2. Obvious parallels can be drawn between this imaginary scenario and the current situation in cognitive science. First, the similarities in the architecture of the various cortical areas seem to outweigh the differences between the different areas (Braitenberg, 1977). Second, thanks to multidisciplinary studies combining computational modeling with psychophysical research and animal neurophysiology, the current understanding of vision is at a stage where integrated theories of higher visual functions such as recognition can be advanced and tested. This makes the workings of the "vision organ" of primates clearer, at least in comparison with the workings of other cognitive faculties.

3. What are the implications of the uniformity of cortical architecture, and of the anatomical and functional knowledge gained through the advances in vision research, for the development of a theory of human language? It is important to realize that a parallel between vision and language is only useful insofar as it can be shown that both vision and language are supported DIRECTLY by the fine-grained distributed architecture found in the brain, and that neither of the two functions needs a "virtual machine" of the kind presumably involved in the human ability to do abstract logic.

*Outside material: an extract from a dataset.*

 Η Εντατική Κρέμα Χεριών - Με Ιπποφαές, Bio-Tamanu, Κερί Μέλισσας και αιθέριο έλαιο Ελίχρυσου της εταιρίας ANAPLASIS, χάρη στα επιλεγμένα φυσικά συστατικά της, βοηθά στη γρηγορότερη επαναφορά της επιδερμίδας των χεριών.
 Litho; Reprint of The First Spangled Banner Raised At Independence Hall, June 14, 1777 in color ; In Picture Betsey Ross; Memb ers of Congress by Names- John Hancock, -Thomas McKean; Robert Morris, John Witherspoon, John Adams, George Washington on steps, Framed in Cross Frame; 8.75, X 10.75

4. In vision, the efforts to understand what has been regarded until recently as mere "implementational details" intensify as the architecture-oriented approach proves more and more productive and theories begin to emerge that are phrased in terms of receptive fields, maps, and other notions from the lexicon of neurobiology. In linguistics, the "connectionist" challenge is being met differently, if at all. Major drives towards conceptual change here are the difficulty in imagining how abstract rules can be embodied in a brain-like architecture and the lack of empirical evidence for the psychological reality of such rules (NOTE #1). The straightforward approach to the bridging of this gap, based on the notions of a virtual machine and of simulated symbolic computation (Ajjanagadde and Shastri, 1991), may well prevail in the end, but if it does, then few, if any, insights from vision would be applicable to the understanding of language.

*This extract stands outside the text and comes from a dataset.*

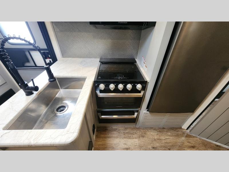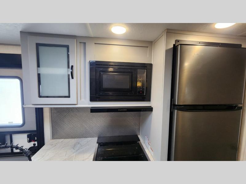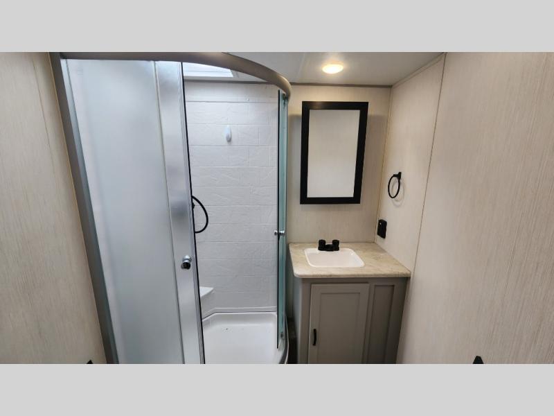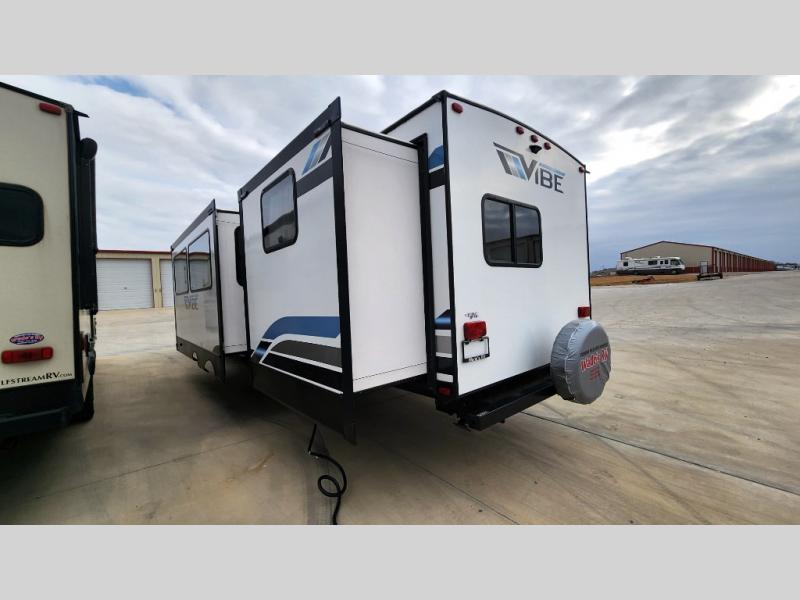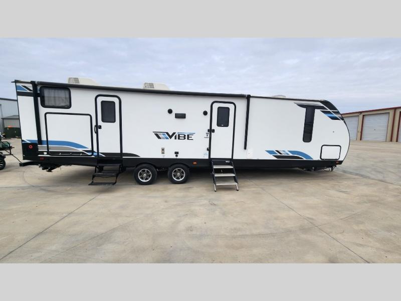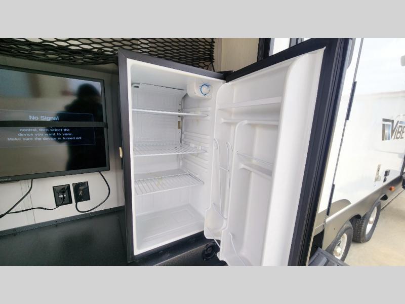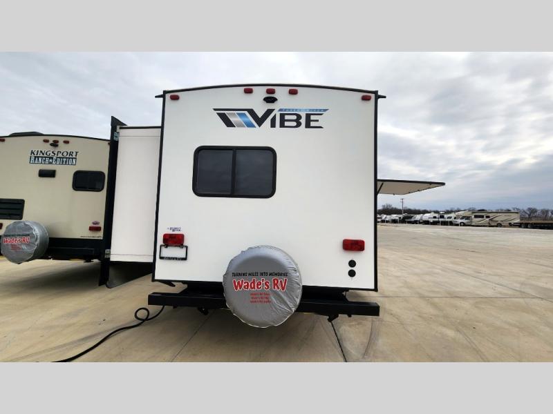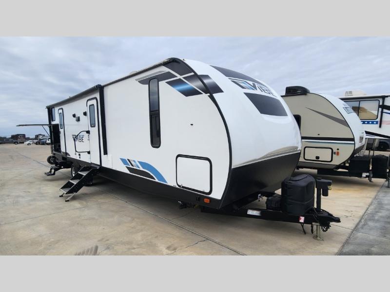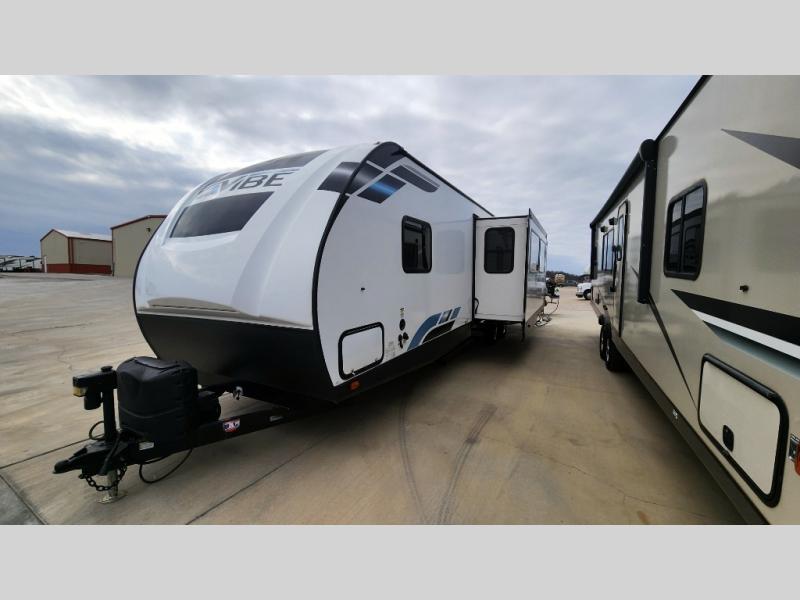 Each Vibe travel trailer by Forest River includes Hyper Lyte construction and a durable laminated "Aluma Frame" for years of use. The heated and enclosed underbelly allows you to extend your camping season, and the LED-lit exterior speakers will keep the party going as you grill outdoors and visit with family. Inside, you'll find LED lights to keep everything bright and open, a Bluetooth stereo, roller shades for your privacy, and many more amenities per region. These models also include cable and satellite prep and a digital TV antenna with a booster so you can stay connected to the outside world if you choose. Make the easy choice and choose a Vibe travel trailer today!

5. Another, subsymbolic, approach, of which Miikkulainen's (1993) DISCERN system is an example, aims to show that complex linguistic tasks can be performed using the very same machinery used for years in models of vision: receptive fields, maps, etc. Despite the understandably limited extent of DISCERN's domain of operation, the success of the system in the task it faced bodes well for the idea of grounding a unified cognitive science in biological reality.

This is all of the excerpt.